The funny thing is that the first part of what you wrote reminded me how I had a ton of trouble intercepting, distracting, and extracting the escort tanks in "Traitor's Caravan", so I just decided "fuck it I'll go Nuclear on them" since I'd spent like an hour on this. So I dropped in with a tank and demolished them, but when I approached, the Skulls emerged. And the center of the camera's attention, the leader skull, jumped right into a hill, clipping through it entirely, and continuing its dramatic post landing stance.
It kind of threw me off that they hadn't accounted for that possibility, and it kind of ruined the gravitas of that moment. It was a good indicator of how they eventually appear though, at the beginning of the game the skulls are damn near terrifying, and you want to avoid conflict as much as possible. The first encounter, as contrived as the reasoning to first players to turn around is, it provided a very tense situation.

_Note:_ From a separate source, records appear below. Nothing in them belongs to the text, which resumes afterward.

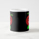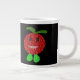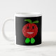 Fantastisk mugg har en söt tecknad av en leende tomat med svart öga, rosa mun och söta små gröntar.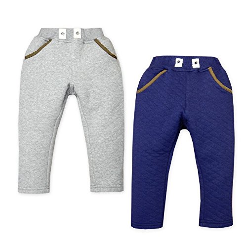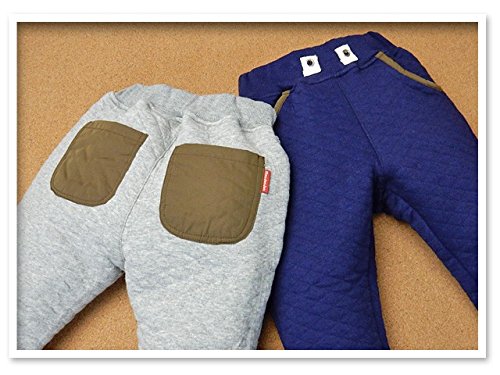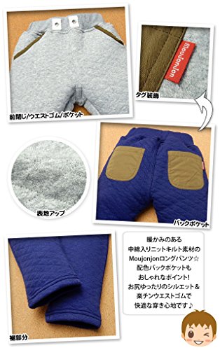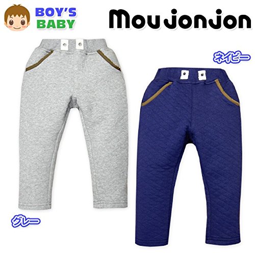 (グレー/90cm)ベビー服 男の子 ロング パンツ ボトム Moujonjon ムージョンジョン ニットキルト 配色ポケット ウエストゴム 男児 ベビー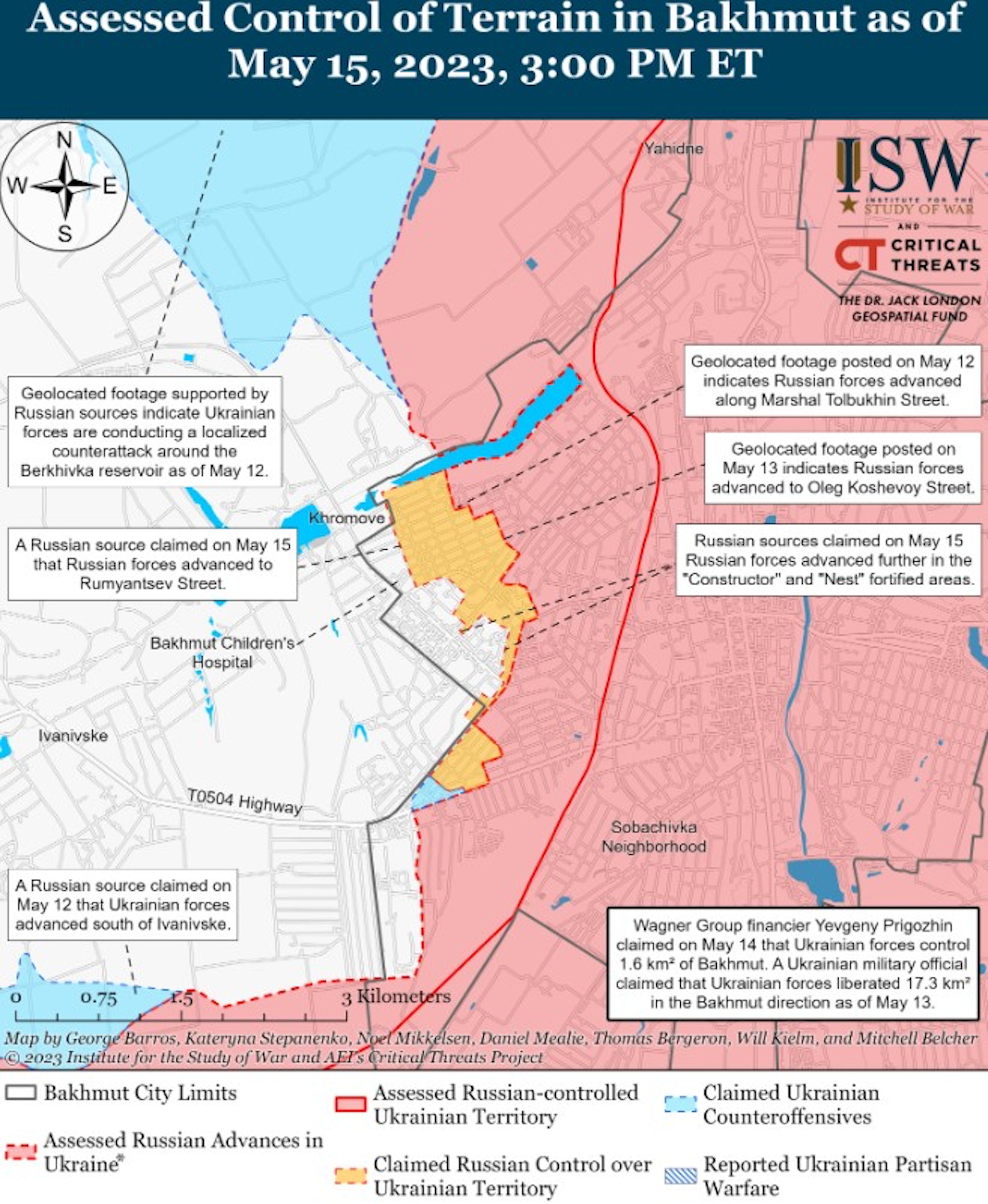 . i! f$ z# f% p( F公仔箱論壇巴赫穆特至5月15日的形勢。圖中為巴赫穆特城區,圖左上、下方的淺藍色部分原來是俄軍南北包圍烏軍的兩翼,目前已被烏軍局部奪回。(ISW)

At first I thought their weapons were FAMAS' and was excited that we were getting all this weird phantom future tech like that and Sahelanthropus. I thought for sure the game would have some actual psychic prediction story point to explain this, like Sahel was developed based on not just Granin's research but Psycho Kiddo's visions of the future. The best way to capitalize would be to eventually bring in primitive Gekko enemies now that I think about it, something completely foreign to the characters, but enhancing the mystery nicely. Though I hadn't though of it at the time.
But yeah, the Skulls could really have been a really amazing boss unit, but since they don't have any characterization or even squad leaders that distinguish between the horde, they are just kind of another wasted story element. I thought it was also strange how they never explained why Skulls were like Cyborgs but Quiet wasn't, and why they seemed like more "complete" Skulls, except I guess Skullface let Quiet look less like a corpse to get Venom's trust.